MLops Optimization
This repo serves as a test to see how we can improve upon ML serving latency. Massive thanks to comet ml, which this is based off of.
Version 1 - Basic Attempt
Version 1 is a first attempt at building a model; using BERT to make a precision on some sample text. This is what an initial attempt at creating a Dockerfile would be like.
Docker commands:
docker build -t v1 version_1/
docker image ls
docker system df -v
docker container ls -s
We can see here then that the image is 3.78GB, NOT including downloading the model. After starting the container, that goes up to 4.22GB (since you have to download BERT from transformers).

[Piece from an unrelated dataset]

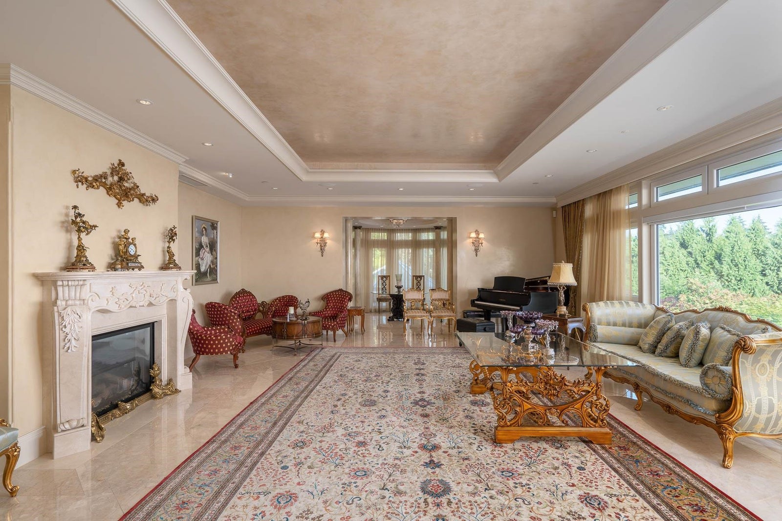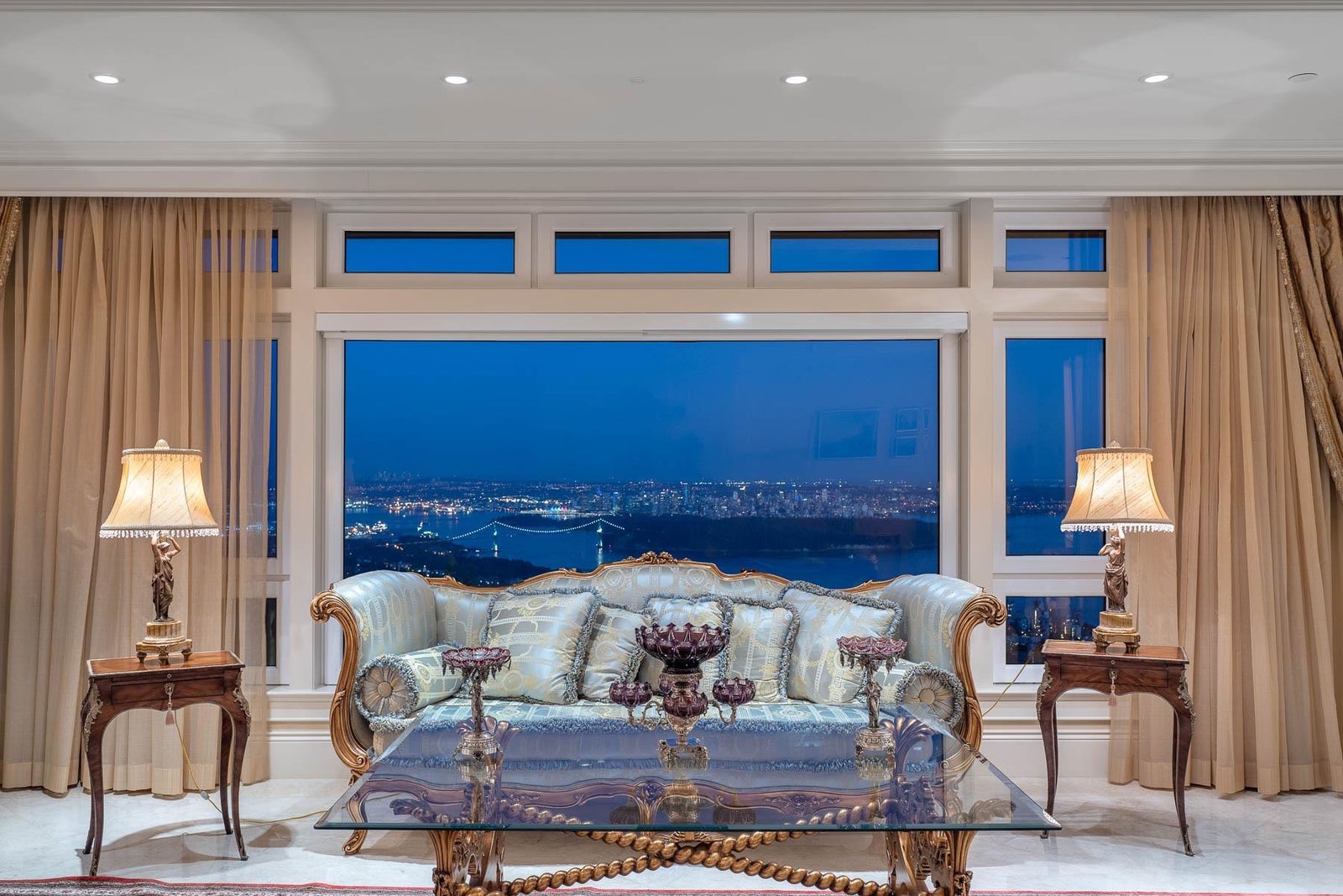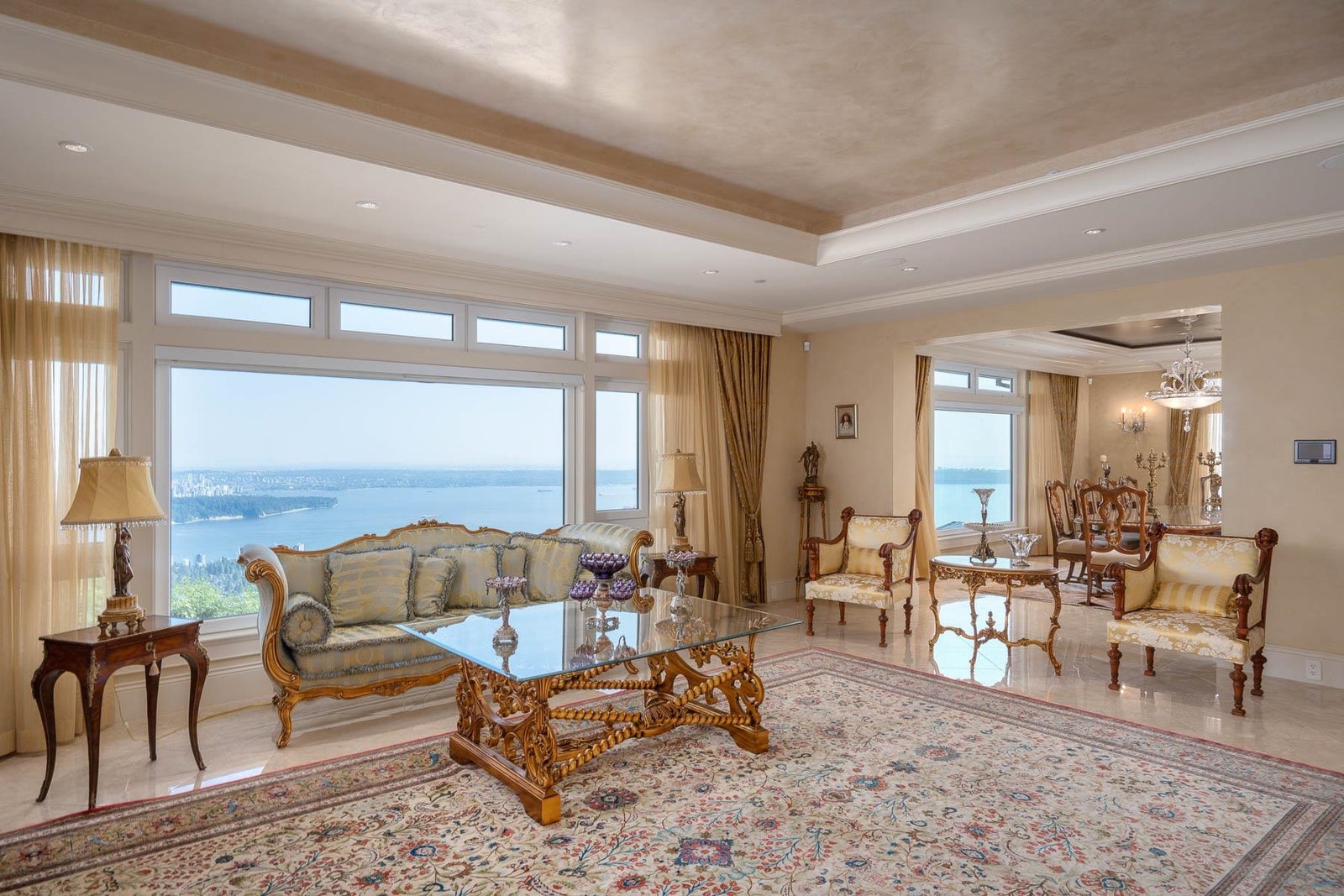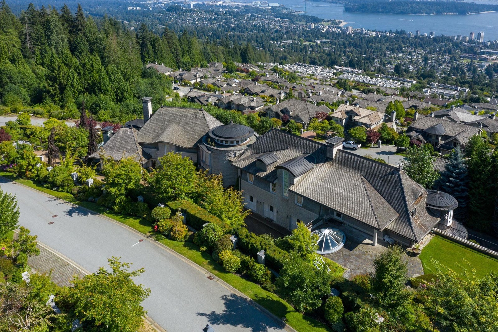 This 18,000 sq.ft. concrete masterpiece spans the entire corner block of prestigious Willoughby Road in West Vancouver. Designed by Paul Grant and built by Gordon Wilson, it sits on a flat, over-one-acre lot with a heated driveway and limestone exterior. Inside, marble medallions in the entrance and hallway, faux-finished walls, and hand-painted ceilings—including breathtaking ceiling art in the grand entrance and primary suite—create an ambiance of elevated luxury. A 45-ft indoor pool with folding glass doors is the centrepiece of spa-inspired amenities: hot tub, sauna, steam room, and cold plunge. Two service staircases lead to staff quarters and mechanical zones. A wok kitchen, expansive BBQ area, elevator, radiant heat, AC, 100% load generator, two guest suites, and a 6-car garage.

Version 2 - Better Software Practices
Version 2 involves switching to lightweight versions of torch (using torch cpu), as well as using a slimmer version of python. This brings the image size down to 1.12GB, and starting the container up to 1.56GB. This should be considered the bare minimum that needs to be done; here, versions are pinned as well.
The same docker commands from before are used, just switched out to use v2
.
Version 3 - Distillation and Onnx
Version 3 introduces some new enhancements made by switching to a model using distillation, i.e. in this case DistilBERT, which is 40% smaller. In addition, we can use onnx to help reduce model size. The image itself becomes larger, at 1.72GB, however that is due to the fact that we now have both the original distilbert model + the onnx version.
Version 4 - Multistage Docker Builds
In this version, the Docker image shrinks by doing a multi-step build and only copying over the relevant items needed (as well as copying the tokenizer locally, so as to save time on container start). Now we're down to 1.25GB for the image size, and on container start, the size is still the same.
Version | Image Size | Container Size |
---|---|---|
V1* | 3.783GB | 4.22GB |
V2* | 1.051GB | 1.61GB |
V3 | 1.602GB | 1.72GB |
V4 | 1.125GB | 1.125GB |
*Note for V1 and V2, the model isn't downloaded yet (will be done at container start time), which is why you see the gap
ToDOS
- Quantization
- Switching to Go vs Python for serving
- Note - something that potentially could be done to help shrink the size is to actually go into torch and start pruning tests. Yes, prune some tests - turns out a good chunk of the pytorch size comes from test modules! Obviously very dangerous, but we could shrink ~ 30% of the torch download size on disk. We would need some place to zip up and package the environment manually, vs downloading everything via
pip
in the dockerfile.